● Requirement
Reproduce the entries shown below only from the line with "Funda de Cuero" down to the line with "Stir and then", keeping both end lines and copying each one exactly.

● The records
════════════════════

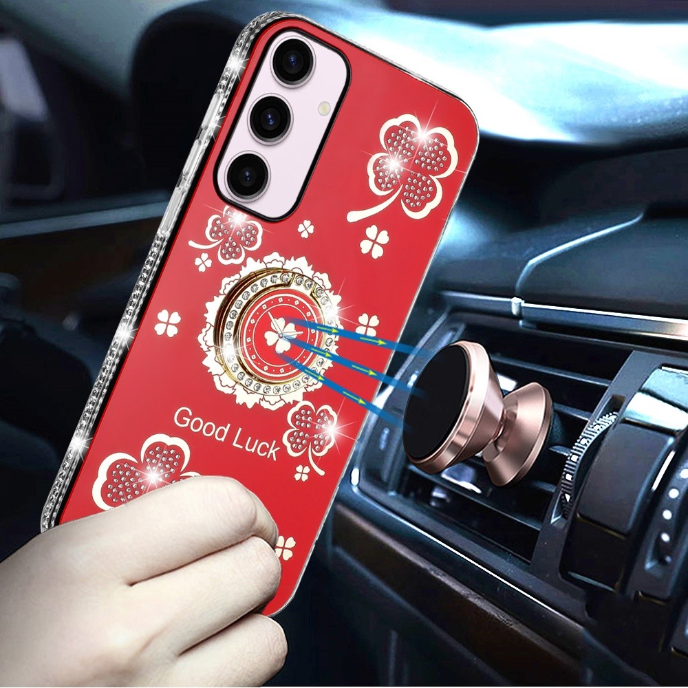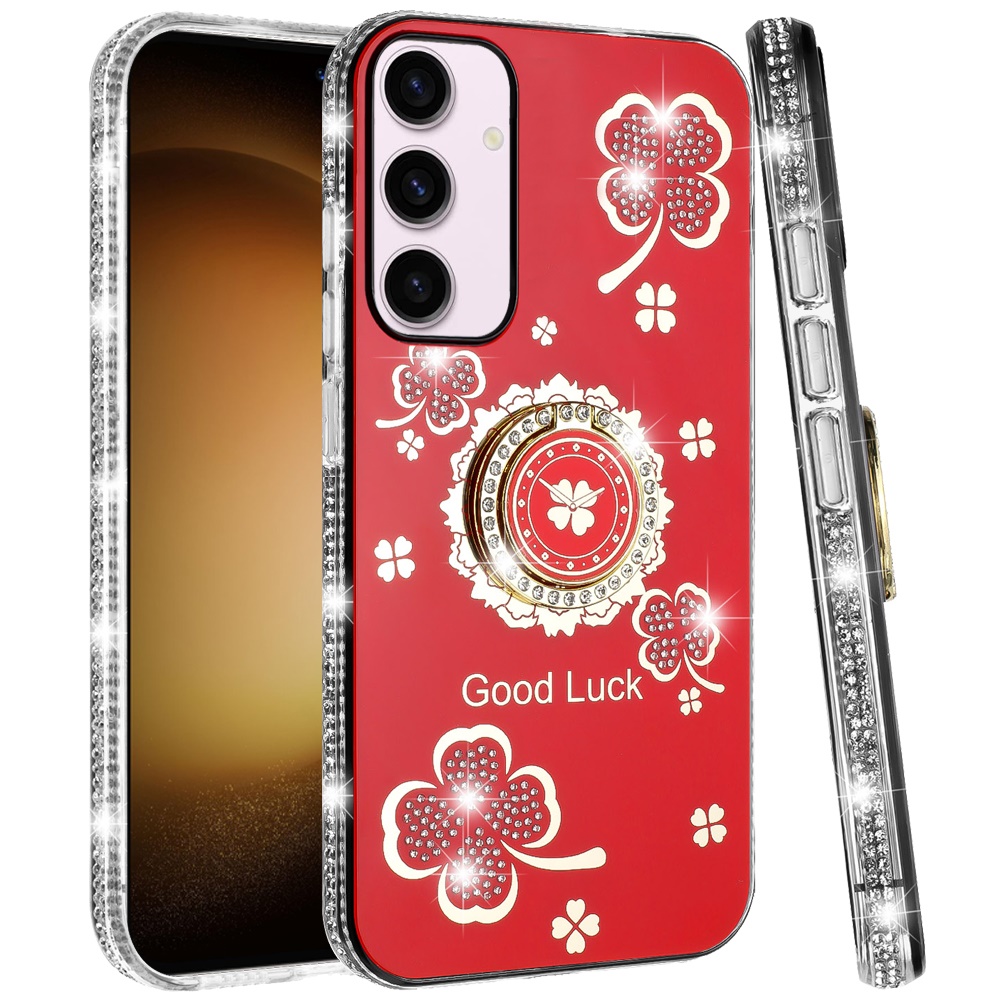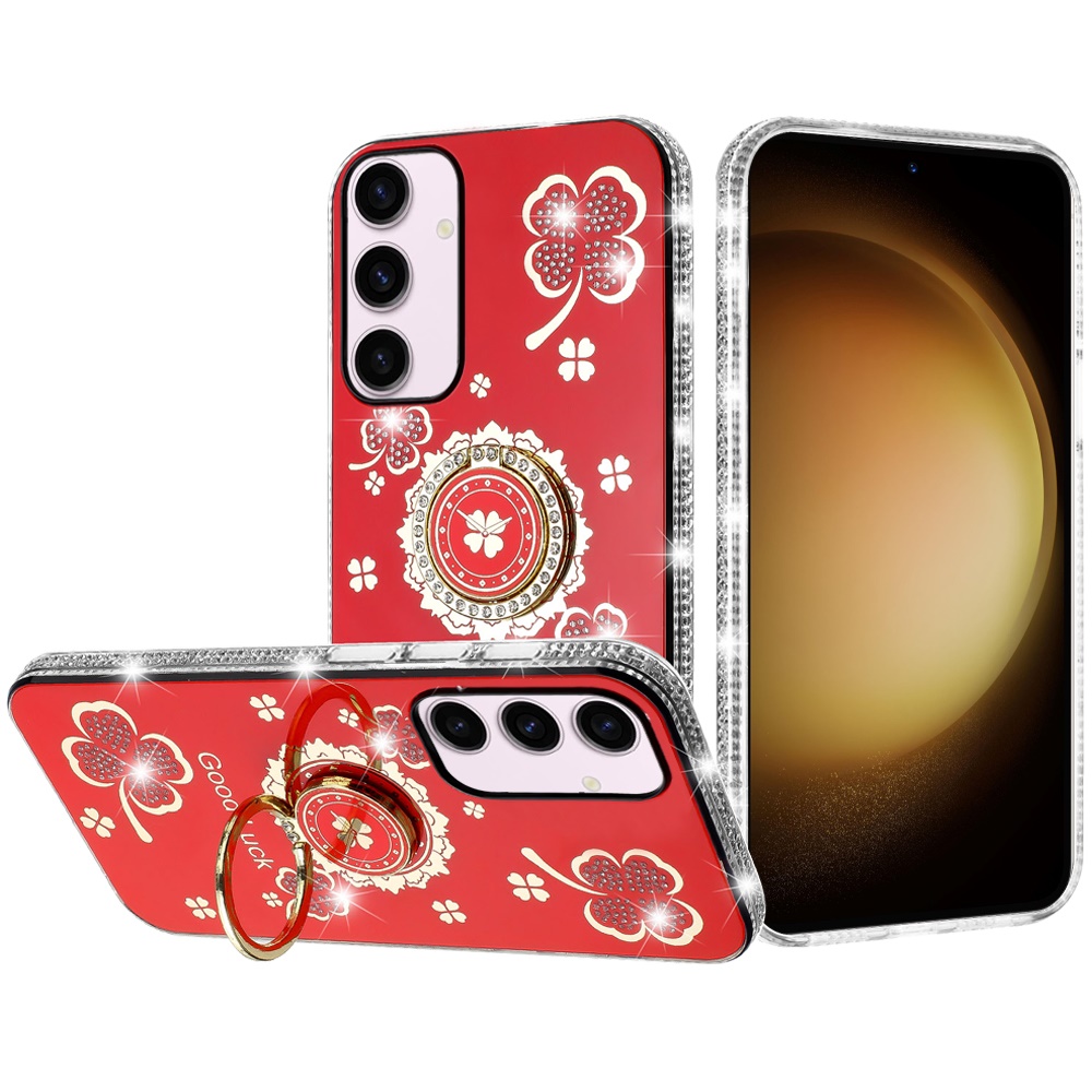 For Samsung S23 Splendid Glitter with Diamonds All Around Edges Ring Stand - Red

════════════════════

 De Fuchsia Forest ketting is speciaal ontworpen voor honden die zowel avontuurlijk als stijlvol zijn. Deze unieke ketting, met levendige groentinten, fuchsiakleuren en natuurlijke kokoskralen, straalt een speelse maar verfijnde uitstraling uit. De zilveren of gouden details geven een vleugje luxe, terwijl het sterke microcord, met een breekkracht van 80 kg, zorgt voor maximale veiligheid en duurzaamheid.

════════════════════

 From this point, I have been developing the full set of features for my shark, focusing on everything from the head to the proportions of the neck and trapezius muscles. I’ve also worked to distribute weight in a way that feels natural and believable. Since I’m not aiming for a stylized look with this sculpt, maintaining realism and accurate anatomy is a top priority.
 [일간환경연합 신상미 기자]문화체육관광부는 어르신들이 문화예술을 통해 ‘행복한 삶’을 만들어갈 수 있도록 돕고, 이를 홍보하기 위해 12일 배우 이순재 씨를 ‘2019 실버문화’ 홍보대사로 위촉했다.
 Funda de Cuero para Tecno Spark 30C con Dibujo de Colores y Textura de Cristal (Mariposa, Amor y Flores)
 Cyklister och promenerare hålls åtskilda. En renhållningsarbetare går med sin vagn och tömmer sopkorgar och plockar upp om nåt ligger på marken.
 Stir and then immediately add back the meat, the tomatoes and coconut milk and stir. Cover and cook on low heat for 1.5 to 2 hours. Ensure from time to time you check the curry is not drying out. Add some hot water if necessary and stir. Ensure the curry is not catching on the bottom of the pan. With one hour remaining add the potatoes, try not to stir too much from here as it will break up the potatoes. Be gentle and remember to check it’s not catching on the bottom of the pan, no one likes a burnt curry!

════════════════════

● Task response
 Funda de Cuero para Tecno Spark 30C con Dibujo de Colores y Textura de Cristal (Mariposa, Amor y Flores)
 Cyklister och promenerare hålls åtskilda. En renhållningsarbetare går med sin vagn och tömmer sopkorgar och plockar upp om nåt ligger på marken.
 Stir and then immediately add back the meat, the tomatoes and coconut milk and stir. Cover and cook on low heat for 1.5 to 2 hours. Ensure from time to time you check the curry is not drying out. Add some hot water if necessary and stir. Ensure the curry is not catching on the bottom of the pan. With one hour remaining add the potatoes, try not to stir too much from here as it will break up the potatoes. Be gentle and remember to check it’s not catching on the bottom of the pan, no one likes a burnt curry!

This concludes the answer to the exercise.